Los sueños
En la antigüedad, la gente se entristecía al ver que los sueños a veces daban verdaderas buenas noticias y a veces resultaban ser completamente engañosos. La gente envió enviados a los dioses quejándose: "¿Por qué los sueños nos engañan y nos arrastran a falsas fantasías?" Prometeo respondió a la gente diciendo: "Los sueños son productos libres de su mente dormida; no los consideren verdades absolutas." La gente comprendió que los sueños y las fantasías no son una guía, sino meros juegos temporales de la mente.

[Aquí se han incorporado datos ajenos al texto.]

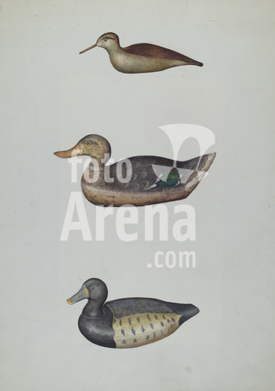 alb3742896 Three Decoy Ducks. Dated: c. 1937. Dimensions: overall: 50 x 39 cm (19 11/16 x 15 3/8 in.). Medium: watercolor, graphite, and colored pencil on paperboard. Museum: National Gallery of Art, Washington DC. Author: Harriette Gale.
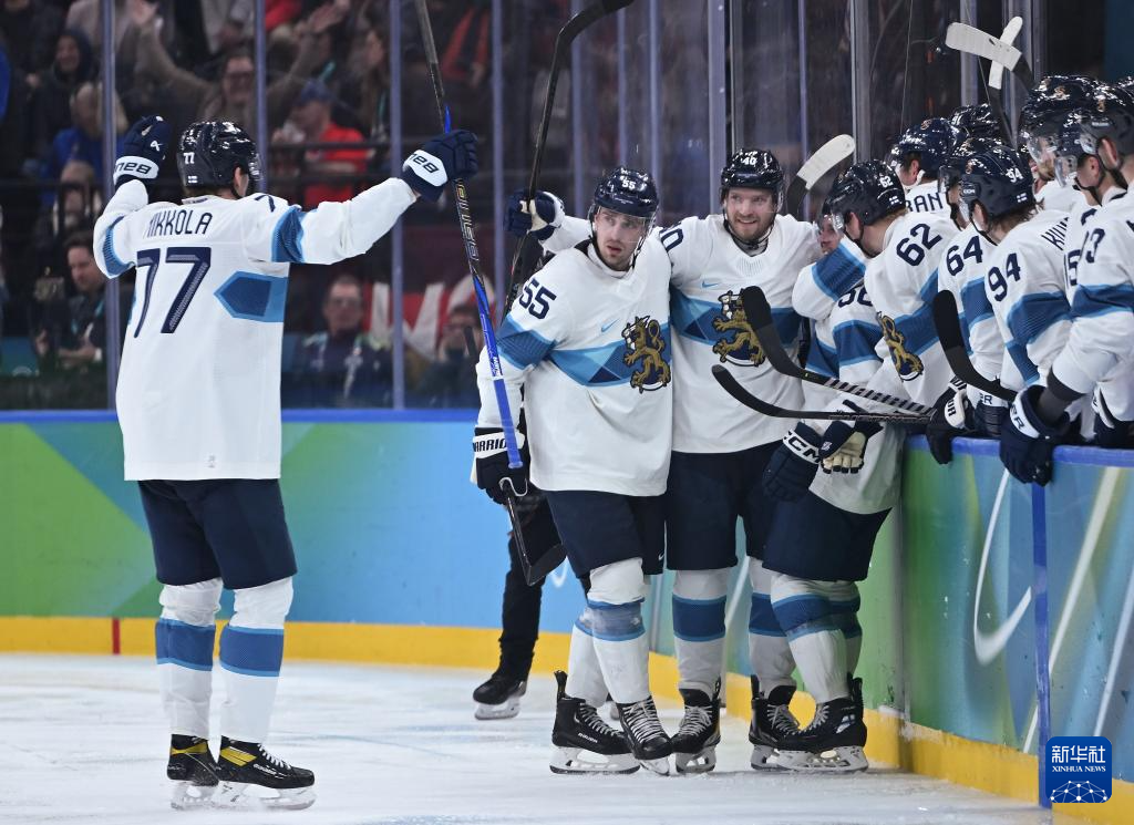 2月20日,芬兰队球员在进球后庆祝。
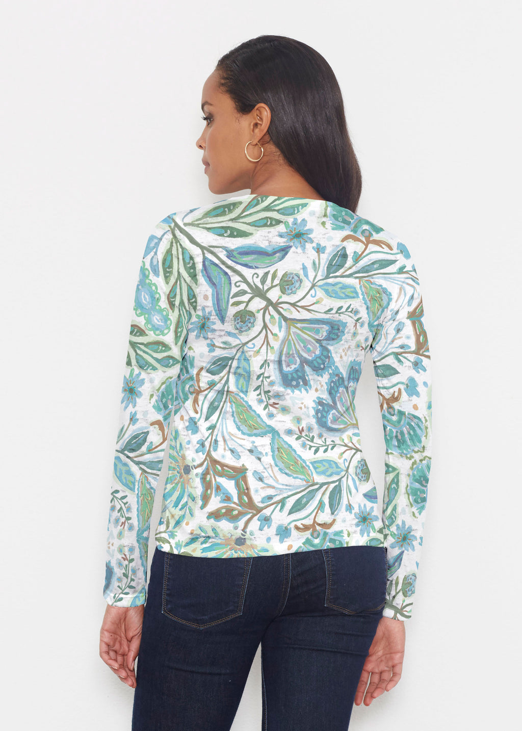 A stunning and playful floral print in green, aqua and blue designed by Jeanetta Gonzales.
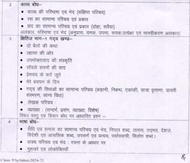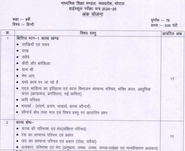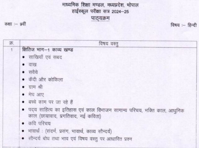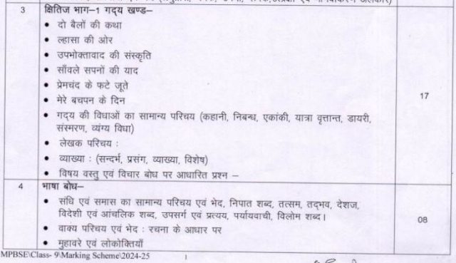 MPBSE Class 9 Hindi Syllabus 2024-2025 PDF |
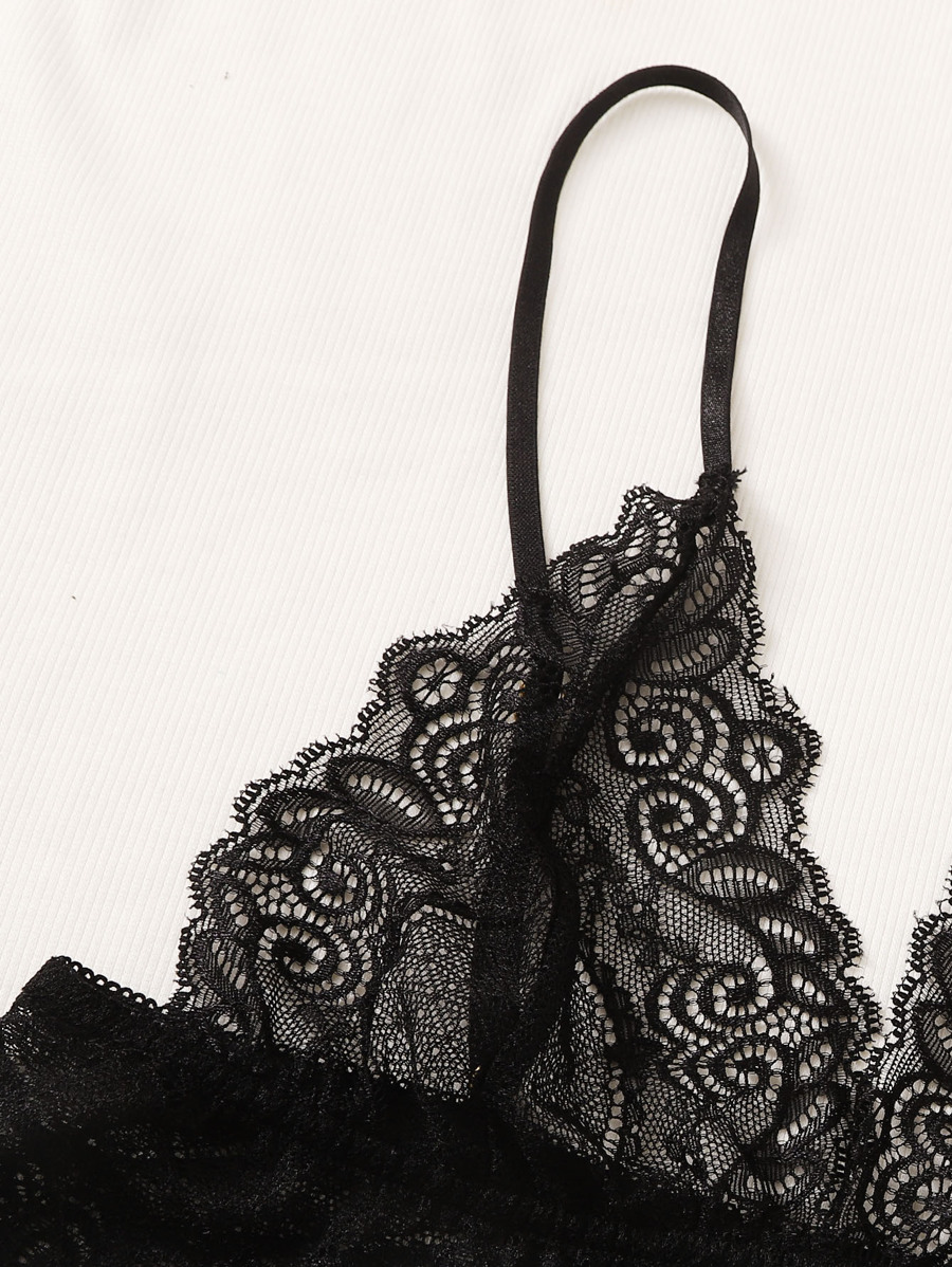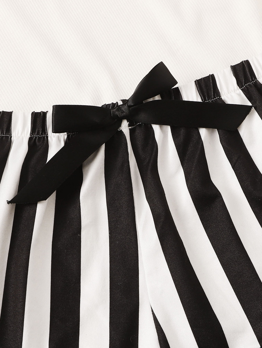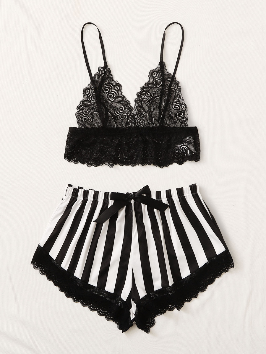 حمالة صدر بتطريز زهري مع سراويل مخططة ، ملابس داخلية

Quienes toman decisiones vitales apoyándose en sueños que ven, fantasías infundadas y delirios se desvían por caminos equivocados. La vida real debe gestionarse con la mente despierta, la lógica y pruebas concretas. Vivir en un mundo de fantasías desconecta a la persona de las realidades concretas. Es fundamental apoyarse en la mente y la lógica, no dejarse engañar por los sueños.
El que actúa según sueños y fantasías se desvía de las realidades. Un sueño no se convierte en guía. El que actúa con fantasía se queda en el camino. La realidad concreta se apoya en la mente.
Sucumbir al delirio rompe la decisión. La mente despierta es la guía más verdadera. En un reino de fantasía no se vive.